カルモナは、中空都市だった。ロバが群れになって草をはみ、当たり前のように、崖を上り下りしていた。
【カルモナへ】
天正遣欧使節団や前回ふれた慶長遣欧使節団もセビリアからトレドへと向かう途中に宿泊したのがカルモナです。セビリアから38キロ東にあり、アルカサール宮殿を現在の形に改築したペドロ一世が青年期までくらし、その後は愛妾のためにアラブの城から改築したカルモナの城。ここに日本から来たサムライたちも宿泊しました。
そこで現在、パラドールとなっている王城を目指して(宿泊は高かったので、街の旧伯爵邸だったホテルに泊まり、パラドール内のレストランで夕飯を取ることにして)、セビリアを出発しました。公共の交通機関はバスのみで、カルモナからは、またセビリアに戻るしか方法がないので大半の荷物をセビリアのホテルに預けての旅です。
そのカルモナ行きのバス停ですが、ホテルの人に聞いても、よくわからない、といいます。頼りは『地球の歩き方・スペイン』編なのですが、そのアクセス欄に「セビーリャのサン・ベルナルド駅近くにあるバス停からCasal社のバスで約50分」と書かれているのみ。バス運行会社のホームページを見てもバス停のある位置を書いた地図は見当たりません。
そこで、ともかくタクシーでサン・ベルナルド駅に向かいました。
不安は的中してバス停が駅周辺には見当たらない。タクシーの運転手も、近くにあるはず、といって、次の仕事にさっさと行ってしまいました。
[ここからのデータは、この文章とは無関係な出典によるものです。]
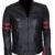 Men’s Black Leather Biker Jacket with Red Racing Stripes Genuine Leather Motorcycle Jacket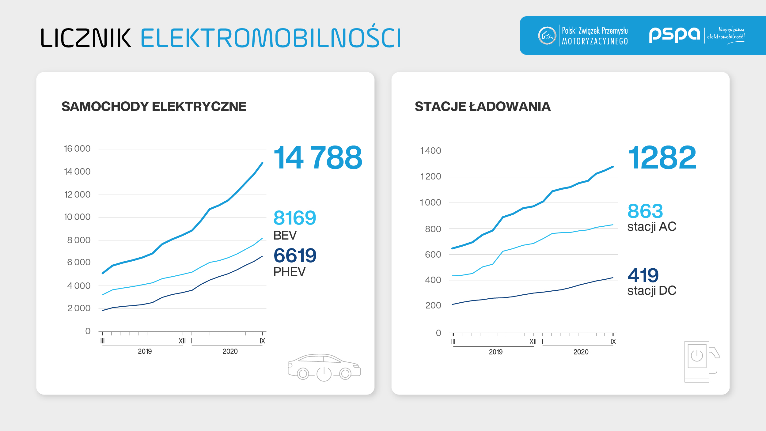 Pod koniec września 2020 r., po polskich drogach jeździło 14,7 tys. elektrycznych samochodów osobowych, z których 55% (8,1 tys.) stanowiły pojazdy w pełni elektryczne (BEV, ang. battery electric vehicles), a pozostałą część (6,6 tys.) hybrydy typu plug-in (PHEV, ang. plug-in hybrid electric vehicles) – wynika z Licznika elektromobilności PSPA i PZPM. W tym czasie funkcjonowało 1,2 tys. ogólnodostępnych stacji ładowania (2,4 tys. punktów).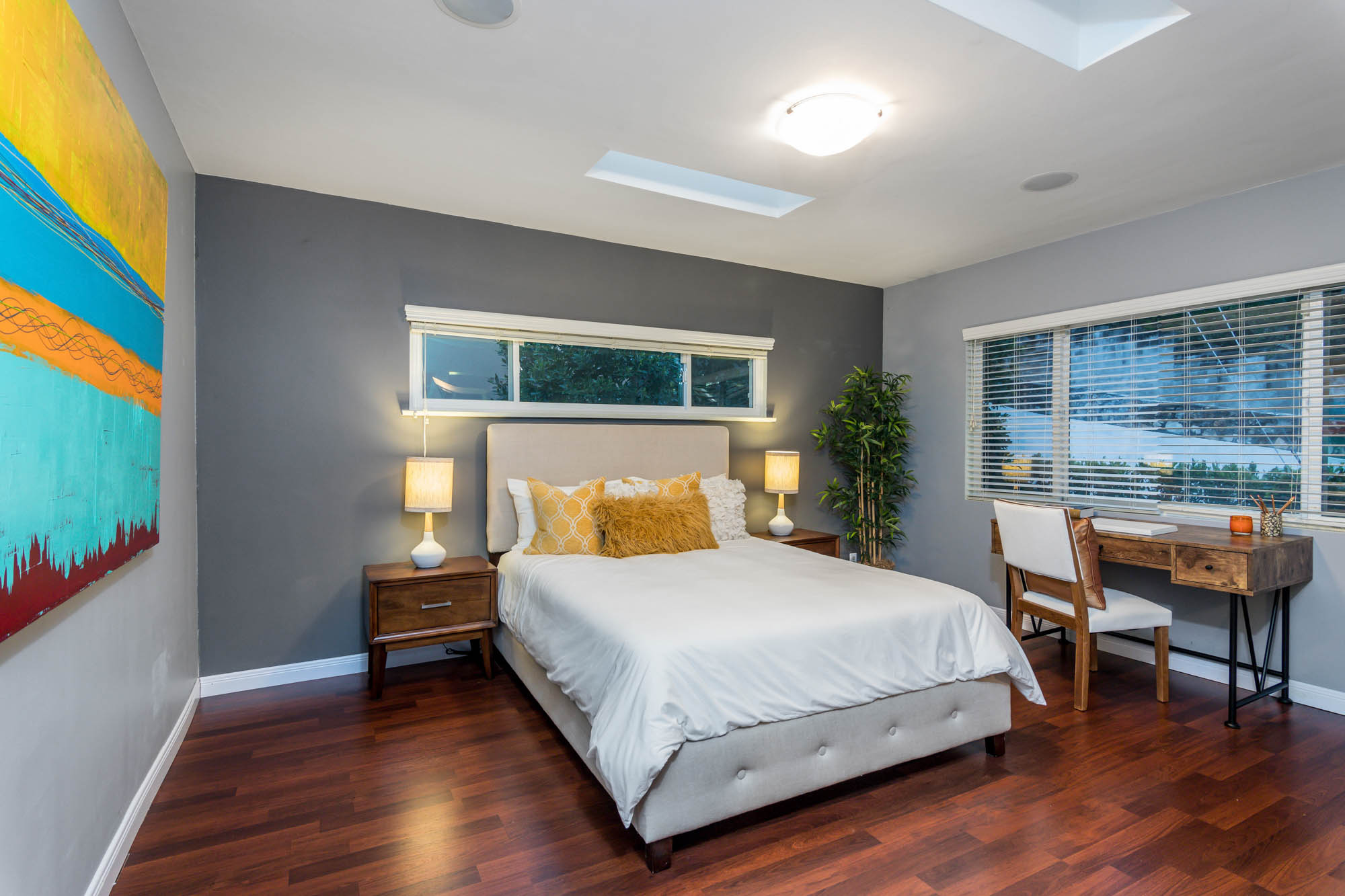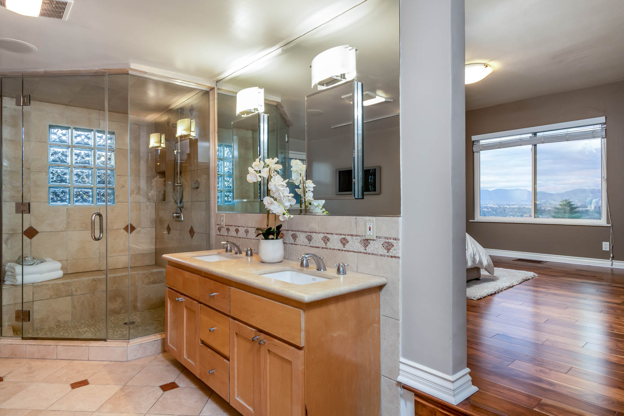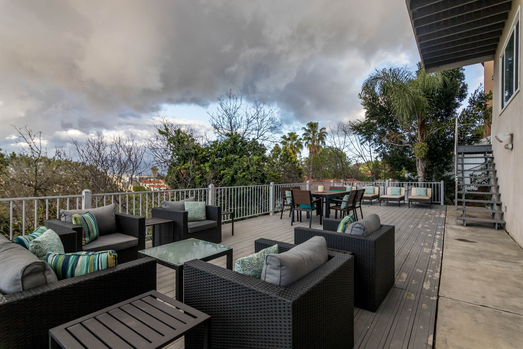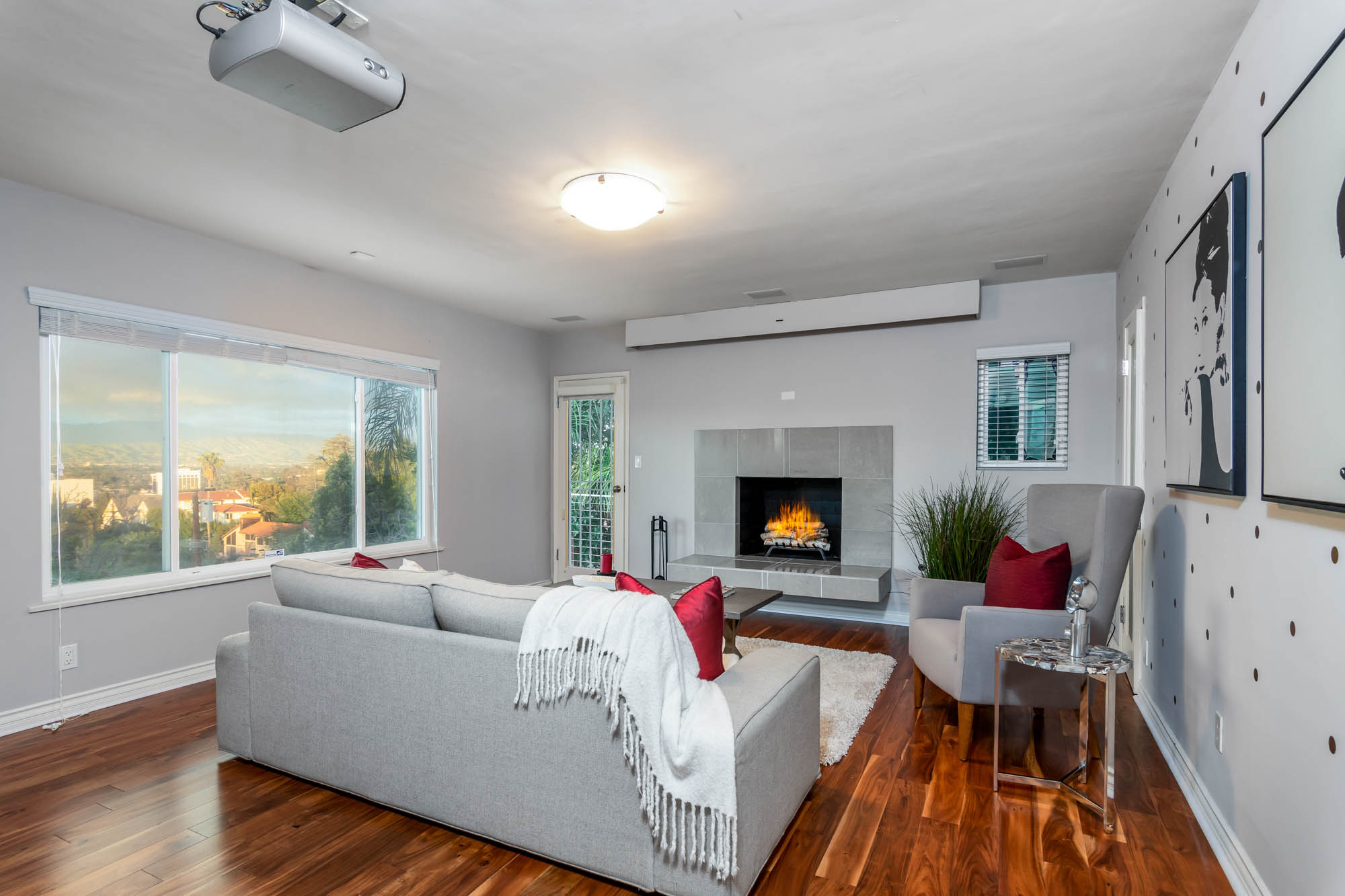 This sexy, mid-century modern, home has breathtaking views from every room! The moment you enter you’ll be captivated by 180 degree views of the valley, mountains, tree-tops, clouds, and city lights. On the main level, the well sized kitchen has lots of storage space, large center island and stainless steel appliances. In the adjoining family room, a gorgeous, natural stone fireplace is a sophisticated focal point and warms up the room for gathering with family and friends. The dining room is perfect for formal dinners and, of course, offers more stunning views. The main level bedroom is generously sized. The main level restroom is sleek and modern, with high-end finishes. Downstairs, a spacious master bedroom showcases more gorgeous views...you can watch the clouds gently float by as you wind down for bedtime, or enjoy the sparkling city lights as you get ready to spice up the night. The master en suite boasts dual-vanities, walk-in shower and a free-standing deep soaking tub, perfect for taking a relaxing bubble bath. The second downstairs bedroom also has an en suite with two separate vanities and tub/shower combo. This room even has a drop down projection screen for hosting fun movie nights! For outdoor entertaining, the full length patio on the main level and a huge full-length patio on the lower level are perfect for barbequing and entertaining guests. Enjoy this private and quiet neighborhood, yet be just moments from the fun and convenience of Ventura Blvd!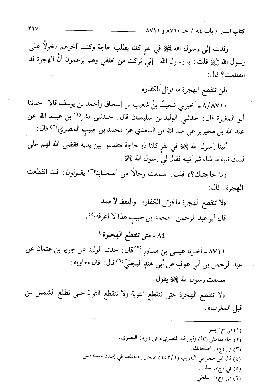 8710 - أخبرني شعيب بن شعيب بن إسحاق وأحمد بن يوسف قالا حدثنا أبو المغيرة قال حدثني الوليد بن سليمان قال حدثني بشر بن عبيد الله عن عبد الله بن محيريز عن عبد الله بن السعدي عن محمد بن حبيب المصري قال : أتينا رسول الله صلى الله عليه و سلم في نفر كلنا ذو حاجة فتقدموا بين يديه فقضى الله لهم على لسان نبيه ما شاء ثم أتيته فقال لي رسول الله صلى الله عليه و سلم ما حاجتك قلت سمعت رجالا من أصحابنا يقولون قد انقطعت الهجرة قال لا تنقطع الهجرة ما قوتل الكفار واللفظ لأحمد قال أبو عبد الرحمن محمد بن حبيب هذا لا أعرفه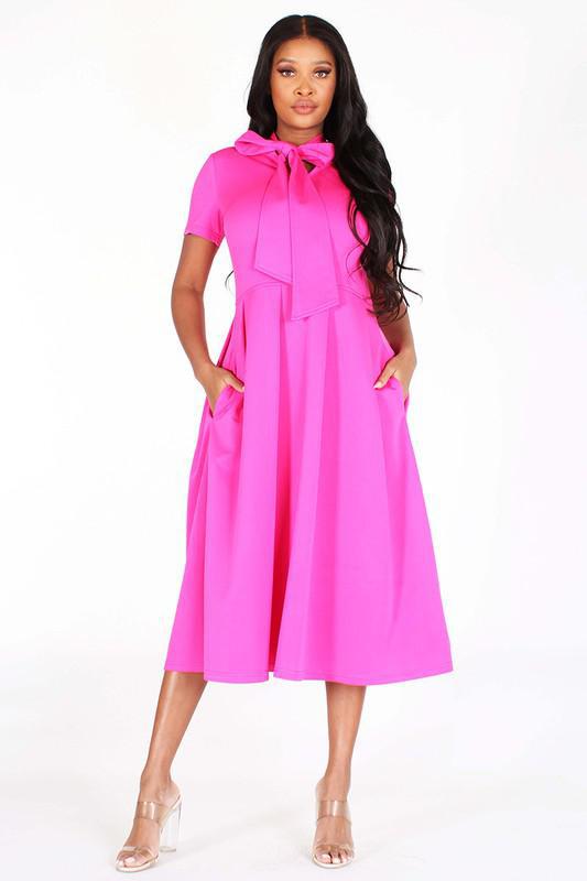 Midi Flare Dress with Necktie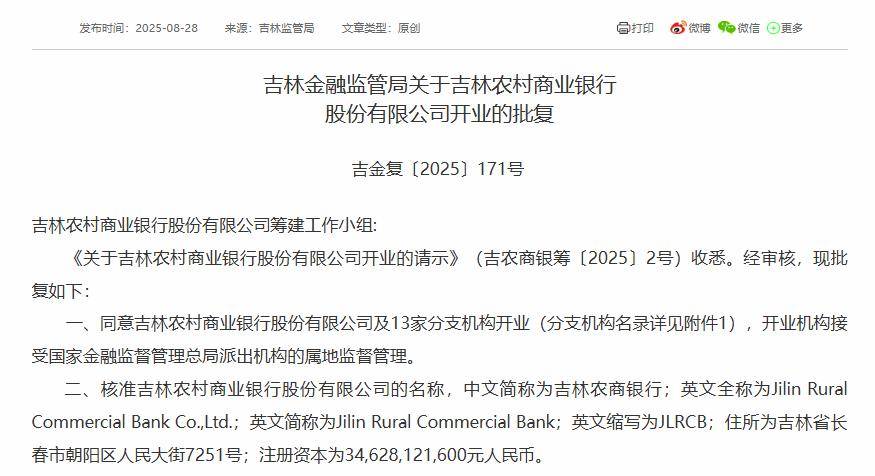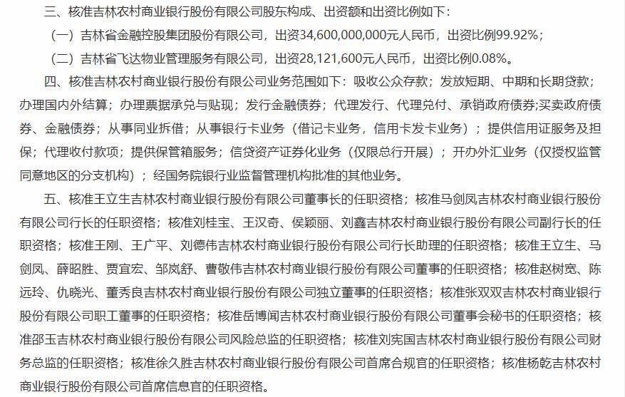 据吉林金融监管局,吉林农商银行于今年8月获批成立。批复显示,吉林农商银行的注册资本为346.28亿元,其中吉林省金融控股集团股份有限公司出资346亿元,出资比例99.92%;吉林省飞达物业管理服务有限公司出资2812.16万元,出资比例0.08%。彼时吉林农商银行经营范围为:吸收公众存款;发放短期、中期和长期贷款;办理国内外结算;办理票据承兑与贴现;发行金融债券;代理发行、代理兑付、承销政府债券;买卖政府债券、金融债券;从事同业拆借;从事银行卡业务(借记卡业务,信用卡发卡业务);提供信用证服务及担保;代理收付款项;提供保管箱服务;信贷资产证券化业务(仅限总行开展);开办外汇业务(仅授权监管同意地区的分支机构);经国务院银行业监督管理机构批准的其他业务。

列車用のサン・ベルナルド駅は地下にあるし。困ったなあと、うろうろしていると、少し離れたアンダルシア美術大学の前にバスが止まっているのを見つけました。運転手に「カルモナ?」と聞くと「オーケー」。ほっとして乗り込みました。きつい冷房のガラガラのバスは、やがて静かに動き出して、カルモナへ。
こうして着いたカルモナは、古い城壁の残る、静かで美しい街でした。観光客はほとんどなく、人々は農作業にいそしみ、バルでのんびりと酒を飲み、ロバは時折、遠くを眺めつつ草をはんでいます。草原の向こうには黒ヤギの群れ。
今まで世界遺産ばかり渡り歩いていたせいか、人の多さに疲れている自分に気づきました。ようやく落ち着いた旅の気分に浸れたのです。のんびりとした空気はバカンス感をもたらし、ゆっくりと寝ることができました。